> From: Marvin Gandall <marvgandall at videotron.ca>
>
> History having unfortunately shown that the masses are not always or even
> mostly able to link their economic interests to their political ones, it's
> also likely that in their disappointment with the administration, they
> would
> return to the Republicans, who would be seconding their complaints against
> the Democrats while keeping their own plans to reduce or eliminate
> government spending programs under wraps until after the election.
>
> This is particularly so given the absence of any mass party to the left or
> sizeable and coherent left opposition within the DP articulating the need
> of
> the population for higher levels of public spending.
>
>
> [WS:] Very true. However, institutional presence of left wing parties
> does not seem to help much during the times of crisis. EU countries and
> Israel are a case in point. They tend to support center-right parties
> more than left-wing parties during crises (albeit what is center-right in
> EU would be center-left in the US.)
>
> This is indeed puzzling, given the mass-support the left used to receive
> in crisis situations (in the first half of the 20th century.) Why does
> not history repeat itself, even as farce? My explanation is that mass
> left wing/communist movement had its roots in rural societies, which made
> such form of mass mobilization possible (a view held by social historians
> like Barrington Moore, Jeffrey Paige, Chalmers Johnson, and Alexander
> Gerschenkron) - and those social conditions do not exist anymore.
>
> To make a long story short - communism as political ideology had a strong
> appeal to rural masses turned industrial proletariat, because it provided
> them with a sense of solidarity that they lost in the process of becoming
> proletariat as a class rather than individually of course.) That longing
> for rural-type solidarity was evidenced by popularity of utopian socialism
> or the kibbutz movement around the turn of the century. Communism (which
> as Kolakowski argues had well pronounced elements of x-tian eschatology)
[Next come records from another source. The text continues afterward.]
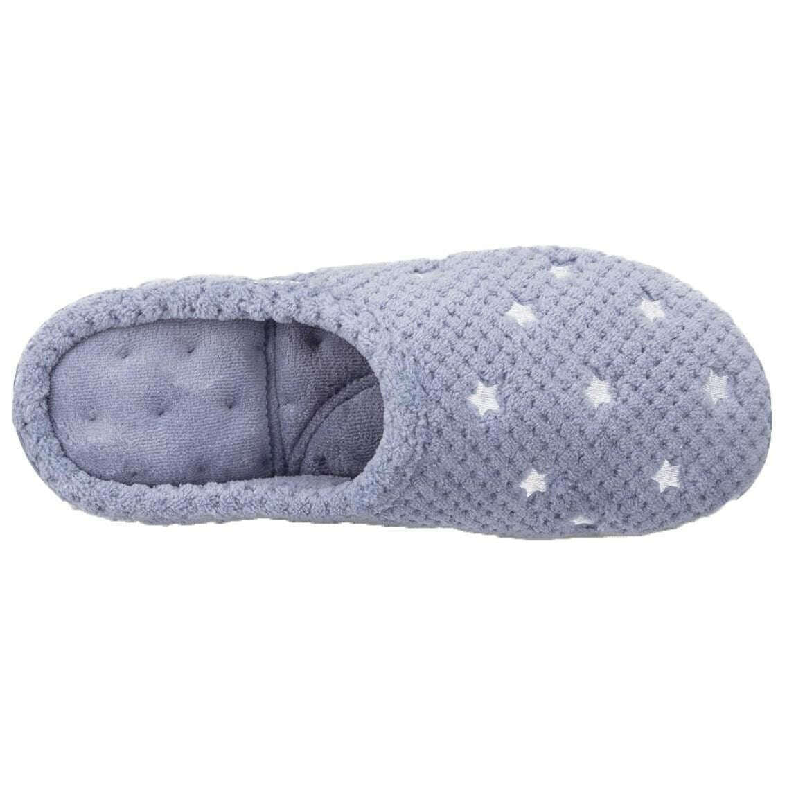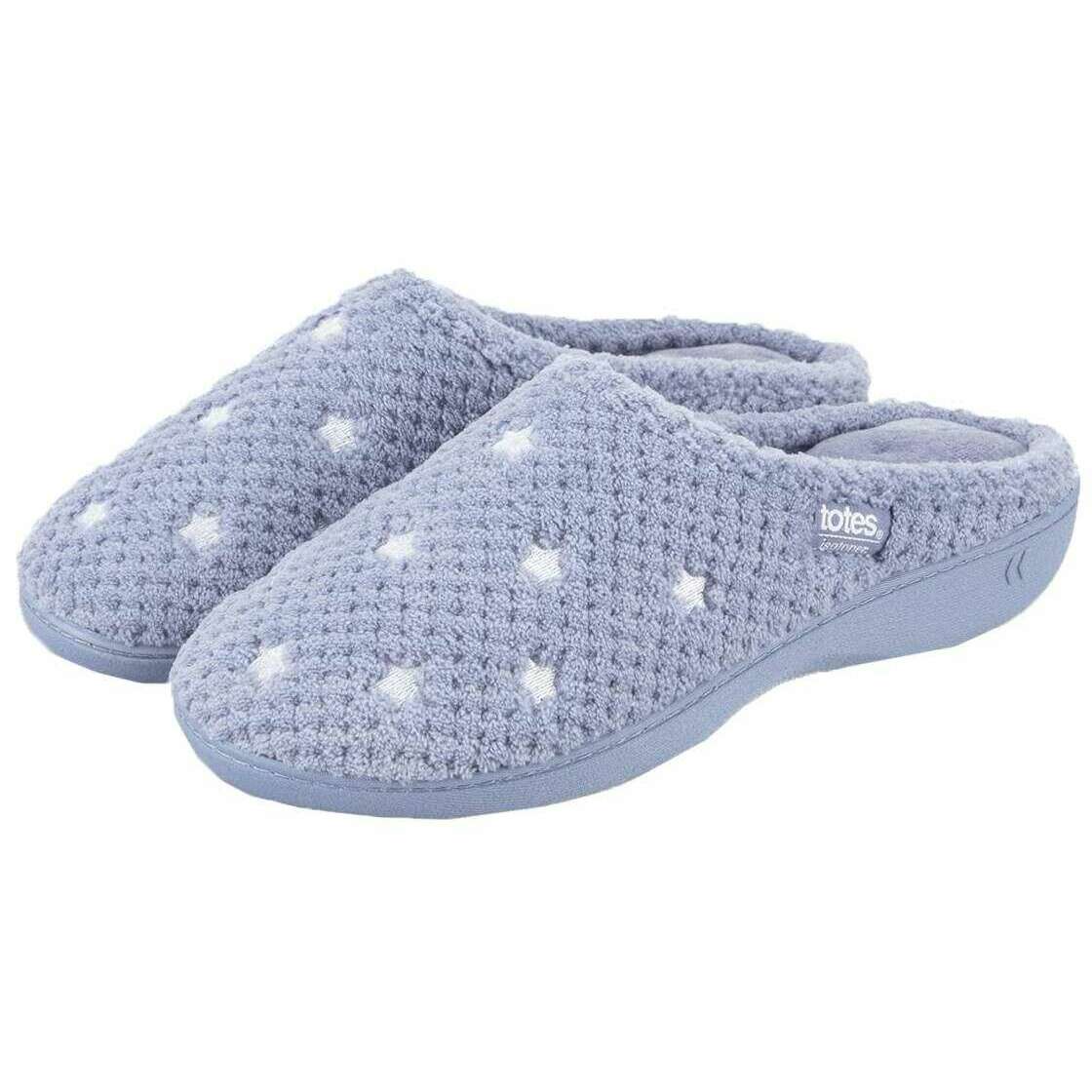 Introducing these women's popcorn terry mule slippers by Isotoner, they are manufactured from 100% polyester in a iris blue star colour. Also the iris blue star slippers are designed in a unique pattern, It is recommended to machine wash at 30 degrees to keep these slippers in good condition. All the slippers come complete with isotoner packaging. The Isotoner Popcorn Terry Mule Slippers - Iris Blue Star offer exceptional comfort, support and warmth! Featuring 360 surround comfort memory foam and pillow step cushioned technology with a foam layer will feel like you re walking on a cloud with the extra secret sole for support of the heel, arch and toes. This mule style will keep your feet nice and toasty with the soft fluffy materials and coverage of the foot, whilst also being breathable with an open back.
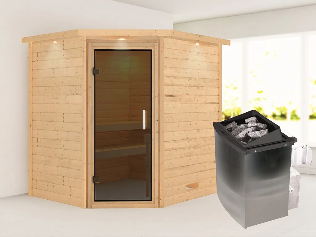 Sauna Massivholzsauna Mia mit Dachkranz, inkl. 9 kW Ofen mit integrierter Steuerung
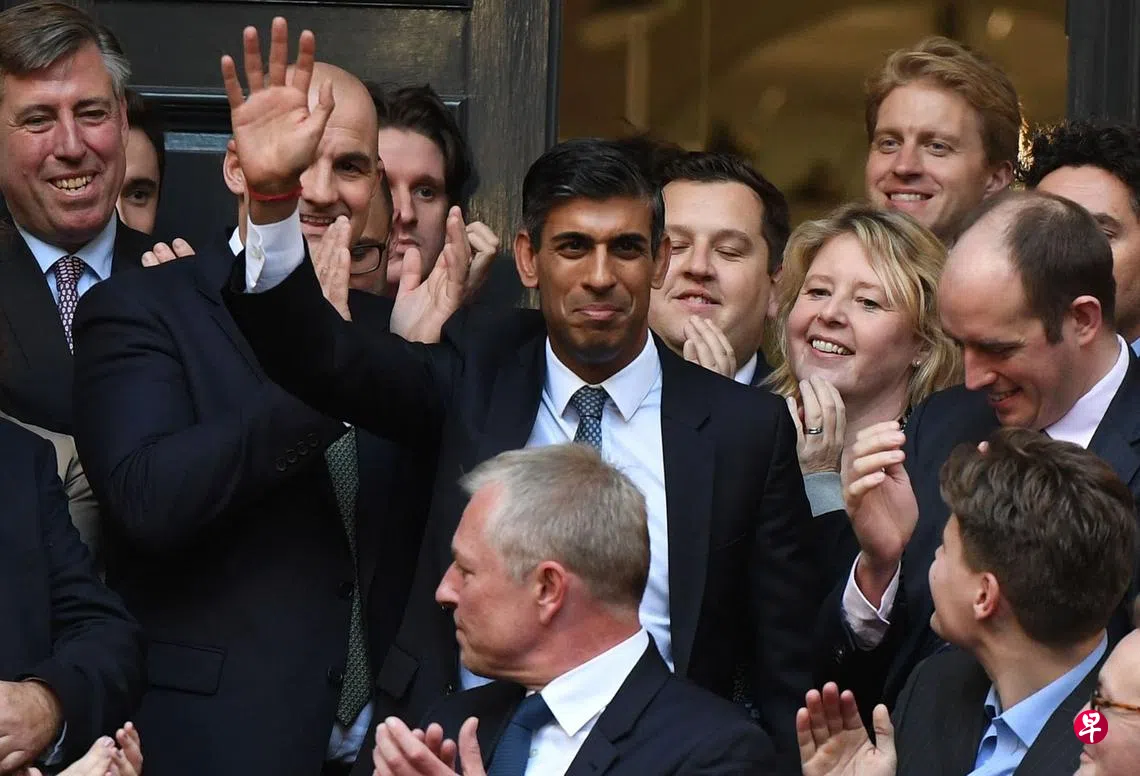 在伦敦当地时间星期一(10月24日)下午2时(新加坡时间昨晚9时)保守党党魁提名截止时,只有苏纳克(42岁)达到了候选门槛,他得到党内近200名议员的支持。在没有竞争对手情况下,他自动成为保守党新党魁。
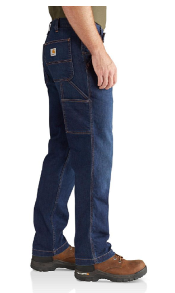 The Carhartt Men's Rugged Flex Relaxed Dungaree Jean can stand up to almost anything. These jeans are made of durable, abrasion-resistant denim, with Rugged Flex stretch technology, giving you enough stretch for ease of movement. These straight-leg jeans are cut for a relaxed fit, with extra room in the seat and thigh. And, they also feature multiple tool and utility pockets, and strong, sewn-on-seam belt loops, adding to their versatility and durability.Carhartt Rugged Flex technology moves and stretches with you throughout the day so that whatever you're doing, it's easier to do. Rugged Flex garments must meet the Carhartt's defined standards for stretch, recovery, and durability, so when you put on a Rugged Flex garment, you know it won't let you down. You'll find Rugged Flex in shorts, shirts, pants, jackets, and boots because you need gear that helps you move, not gear that holds you back.
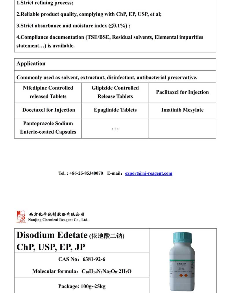 Disodium Edetate | F20170000439/F20190000076 | 蘇藥準字F15431201 | ChP2015/USP40/EP9.0/JP17 | |
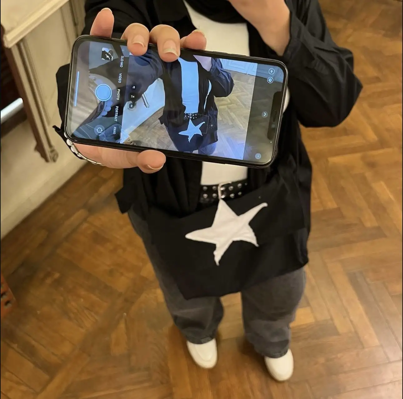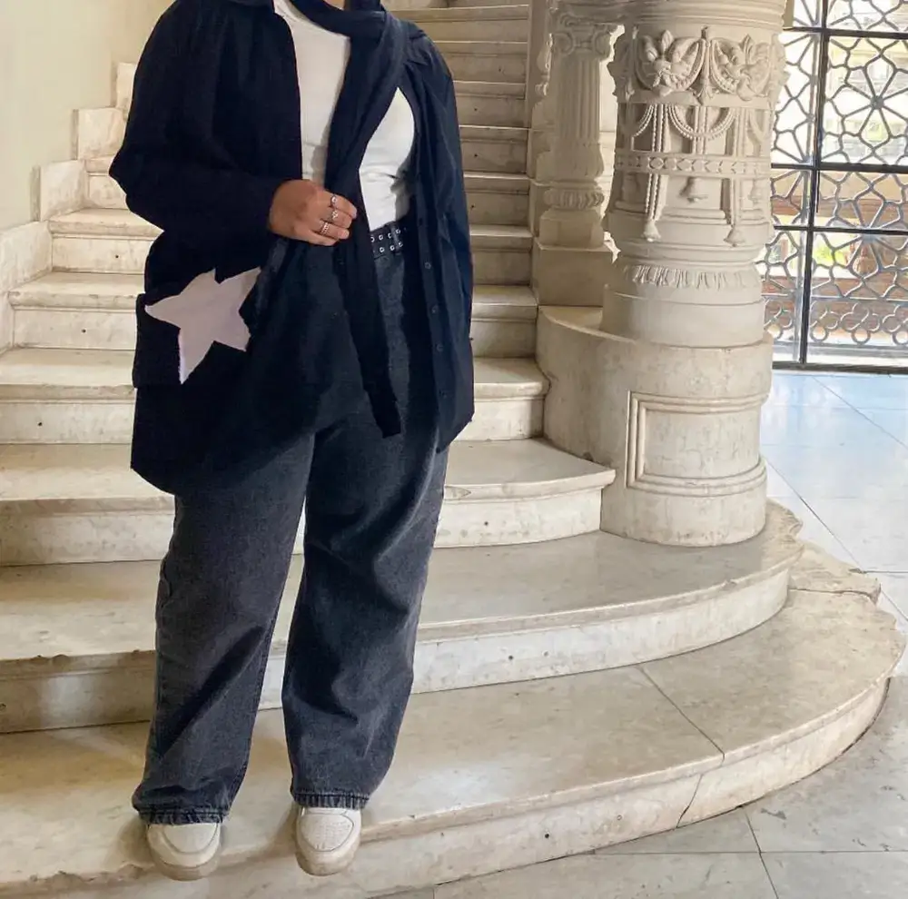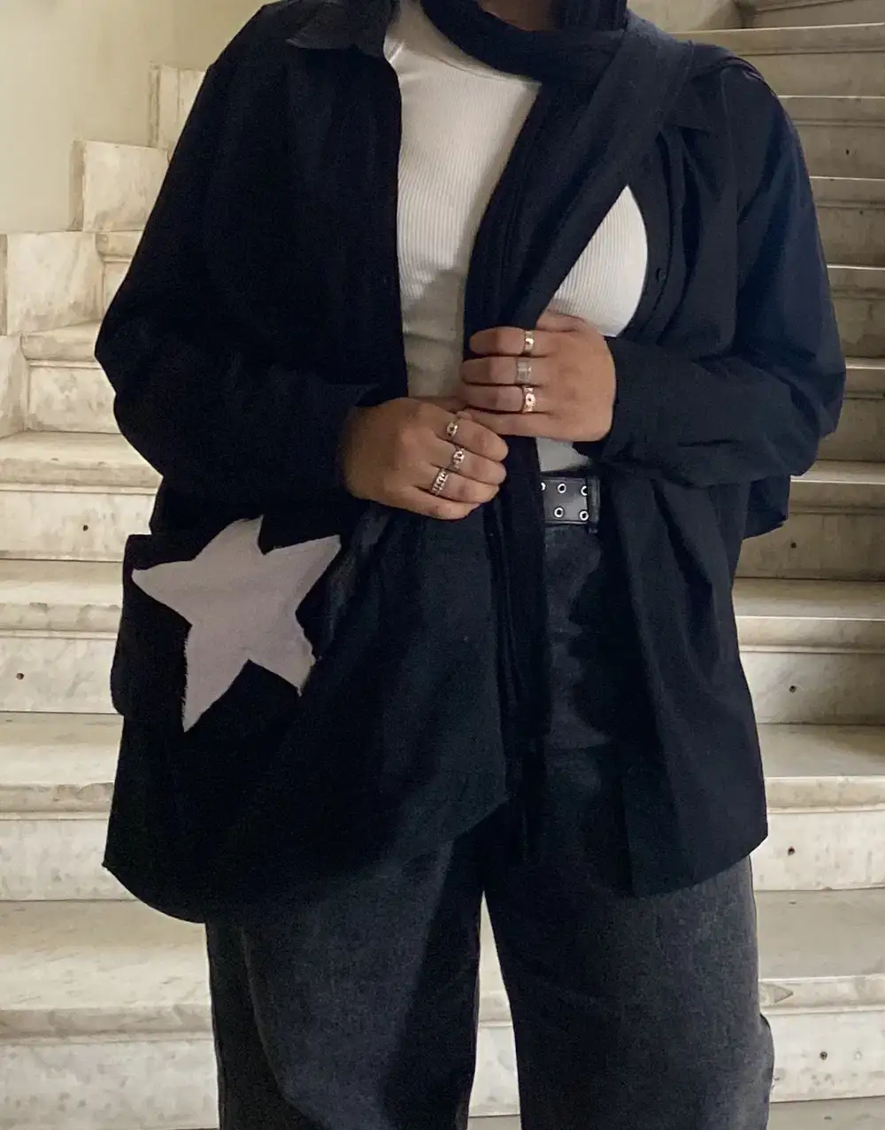 Çizgili Flower Siyah Oversize Unisex Ceket

> was yet another millenary movement that emerged in the rural societies
> during the times of crises and social change. Gerschenkron argues that
> Soviet leaders used a watered-down version of communist ideology to appeal
> to Russian peasant communalism in order to mobilize popular support (in
> other words, their tru goal was modernization and industrialization rather
> than building a "communist" society, whatever that was, and a "communist"
> ideology
> they adopted played a function similar to Obama's "hope" schtick.)
>
> However, ideals of social solidarity entailed by the 20th century
> communism had rather limited appeal to modern, predominantly urban working
> class. This can be evidenced, inter alia, by the visible decline of the
> kibbutz movement. I would also argue that this is the cause of waning
> popular support for communist parties. To urban working classes, a far
> more appealing was the idea of welfare state grounded in Keynesianism and
> social-democracy.
>
[...]
================================================
Appreciate your thoughtful comments. In retrospect, the Soviet and Chinese
regimes were successful in fulfilling "the historic tasks of the
bourgeois-democratic revolution" - ie. land reform, industrialization, mass
education, public health, national independence, etc. - but could not build
an enduring socialist (publicly owned and controlled) economy in
predominantly rural societies encircled by more advanced capitalist
economies enjoying higher levels of labour productivity.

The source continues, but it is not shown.